The study, which was conducted by a team of experts from the Massachusetts hospital and the University of Exeter, took into account genetic evidence of 450,000 people, writes Daily Mail.
In the end, geneticists have identified 57 loci in our DNA that increase the risk of insomnia.
Identified stretches of DNA comprised genes involved in ubiquitous mediated proteolysis — breakdown of the primary regulatory protein.

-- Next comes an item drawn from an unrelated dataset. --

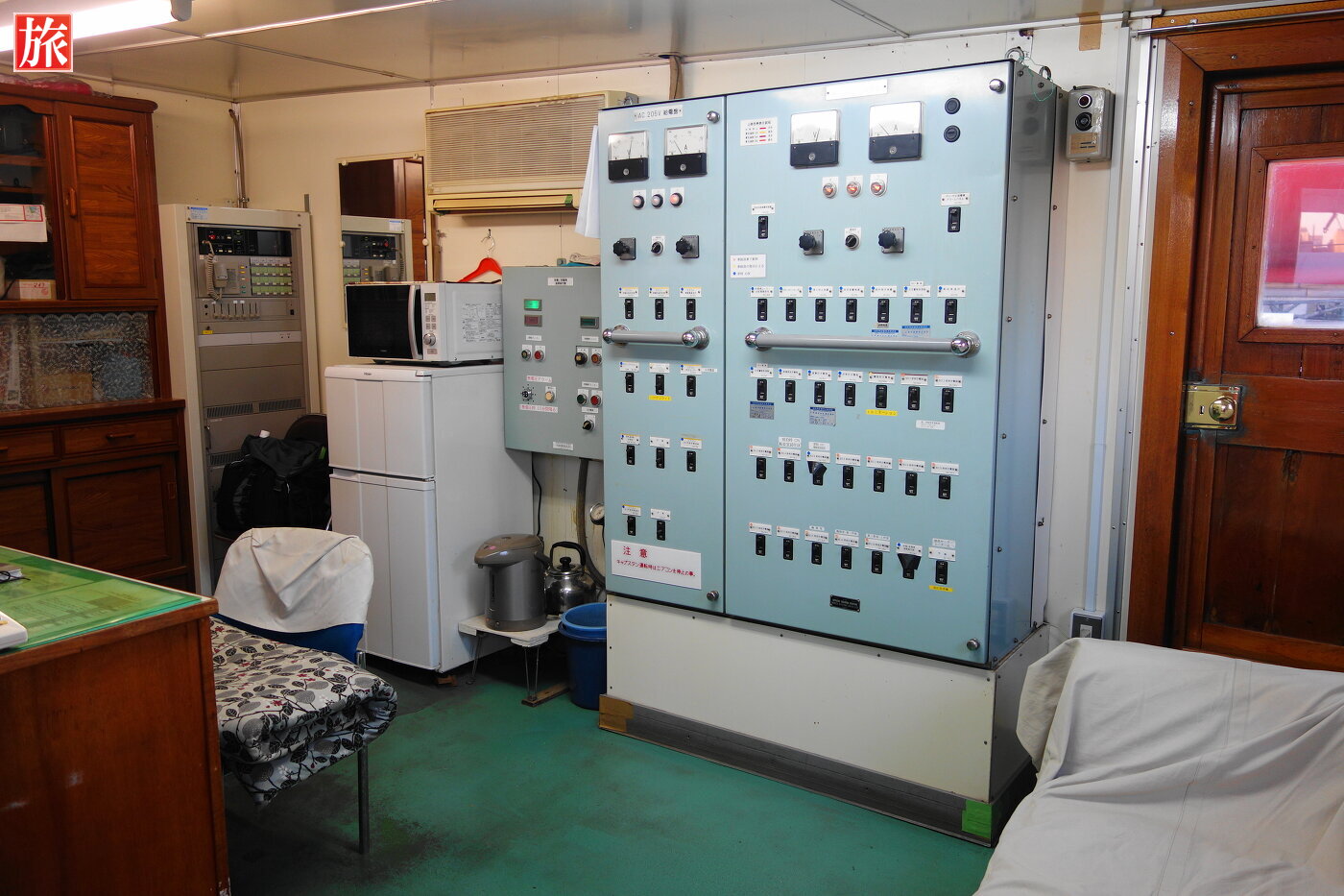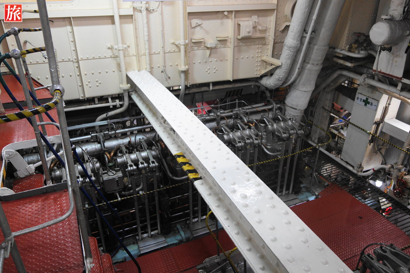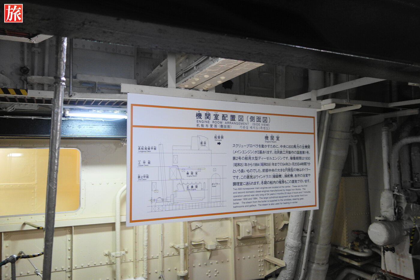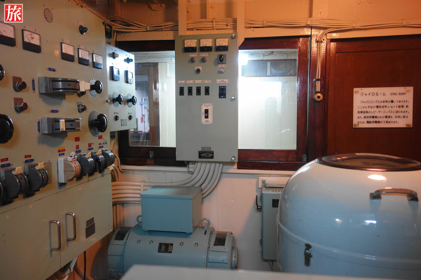 機関室。スクリュープロペラを動かす為に600馬力のディーゼルエンジンが2基あります。機関室配置図。ジャイロルーム。

The causes of insomnia and ways of coping
They also found that genes not only allow us to sleep, but almost double the risk of coronary heart disease, which can lead to angina or even heart failure.
In the study of genetics analyzed data from study participants of the UK Biobank. Of these, 29% complained of regular insomnia.
It should be noted that the investigated type of insomnia has not been triggered by caffeine, depression or recent stress.
Identified stretches of DNA may become potential therapeutic targets for the treatment of insomnia, and 16 of them contain known targets associated with drugs.
In addition, a new causal relationships indicate the potential usefulness of therapy for insomnia as a possible treatment of coronary artery disease and depression of the coronary arteries.
The symptoms of childhood insomnia
“We hope that a deeper understanding of the processes underlying insomnia, will pave the way for better and more personalized treatment,” said Dr. Michael Weedon, fellow of the College of medicine, nursing and allied health professions company of Exeter.
We will remind, researchers from the Netherlands Institute of neuroscience have categorized five types of insomnia.
As reported by the portal “Znayu” researcher in the field of sleep Paul Kelly (Paul Kelley) proposes to move the start of the workday at 10 am.
Also “Znayu” he wrote that early awakening heals and make people happier.